ワンルームマンションの価格は、金利が低くなると高くなっていくと言われています。つまり、金利が低下しているタイミングで投資用の物件を売りに出すと、比較的高値で売れる可能性があるということです。物件の条件や経済の動向にもよるため一概に高値で売れるとは言えませんが、金利に着目して売却を行ってみるのも良いでしょう。
投資用の物件は、どこの不動産でも扱っているわけではありません。マイホームを売りに出すのと全く異なるためご注意ください。
売りに出す場合、投資物件を専門としている会社にお願いすることが大切です。そのような会社は、多くの投資家とのツテを持っており、売却をお願いすると、比較的早めに紹介してもらえる可能性があります。
最後に、ワンルームマンション売却Q&Aをご紹介します。
投資用の物件を売ったり査定を受けたりする前に、相場をチェックしておくとよいでしょう。だいたいの相場を知っておくだけで、査定に出すときも安心でき、適正な売り出し価格を決められます。
急ぎたい事情がある場合は、直接買取・即現金化してくれる不動産会社に相談してみると良いでしょう。しかし「あまり安い価格で売りたくない…」という方は、一般媒介を検討してもよいでしょう。投資用の物件を専門としているプロへ相談してみることがおすすめです。

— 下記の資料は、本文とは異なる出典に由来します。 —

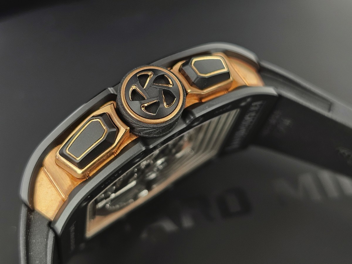 黑色陶瓷錶殼、玫瑰金屬摺疊扣、橡膠包覆錶冠 / 可變幾何擺陀的自動計時碼錶 / 3D立體鏤空面盤、夜光指針、立體阿拉伯數字時標 / 橡膠錶帶 / 藍寶石水晶玻璃 / 透明錶背

ワンルームマンションは、室内の状態や立地、設備などが賃料に影響します。 そのため、劣化している箇所の修繕や汚れている部分のクリーニングを行った方がよいと考えられます。しかし、大きなリフォームは費用が高くなり、逆に損してしまうケースも。判断に迷う場合は、投資物件を専門にしているプロへ相談してみることがおすすめです。